Simply Snapping a Photo Harms Your Memories of Things, Study Finds
The simple act of capturing a photo of something impairs your memory of it, even if you don’t plan on keeping the photo. That’s what a new psychological study has found, but the reasons behind this are still unknown.
The research was done by researchers Julia Soares and Benjamin Storm at the UCSC Memory Lab, and it builds upon previous work on the subject done by Linda Henkel, who reported the link between photos and weakened memories in 2013.
For one of their experiments, researchers asked 50 undergraduate students to look at paintings on a screen for 15 seconds. Some of the students were asked to shoot a photo of the painting with their smartphone first, others were asked to snap a photo and then delete it immediately, and the last group simply look at the paintings without a camera involved.
All the subjects were then given a multiple-choice test about the details of the paintings.
What the study found was that the students that snapped a photo performed poorer on the test than the students who didn’t, even though they spent the same amount of time looking at the painting. The poorer memory was found even in subjects who deleted their photos immediately after shooting them.
So it seems the cause of photography-related memory impairment may have less to do with knowing that we’ve stored a memory for the future, and more to do with distraction — the fact that shooting a photo causes our minds to be detached from the present moment.

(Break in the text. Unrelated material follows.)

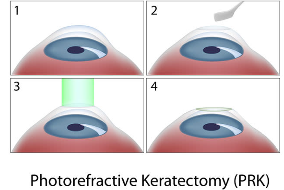 - 의사는 레이저나 블레이드를 통해 각막의 가장 바깥 부분인 각막 상피 일부를 잘라냅니다.

This also suggests that wearable, automatic lifelogging cameras like the Google Clips may allow us to preserve photo memories without harming our mental ones.
A second possibility offered by the researchers is that going through the trouble of shooting a photo gives people a false sense that they preserved a moment well, even though it was actually the camera that did so — and even though the photo may have been deleted.
Further research still needs to be done on this subject, but for now, know that you may actually remember things in your life better if you put your camera away at key moments.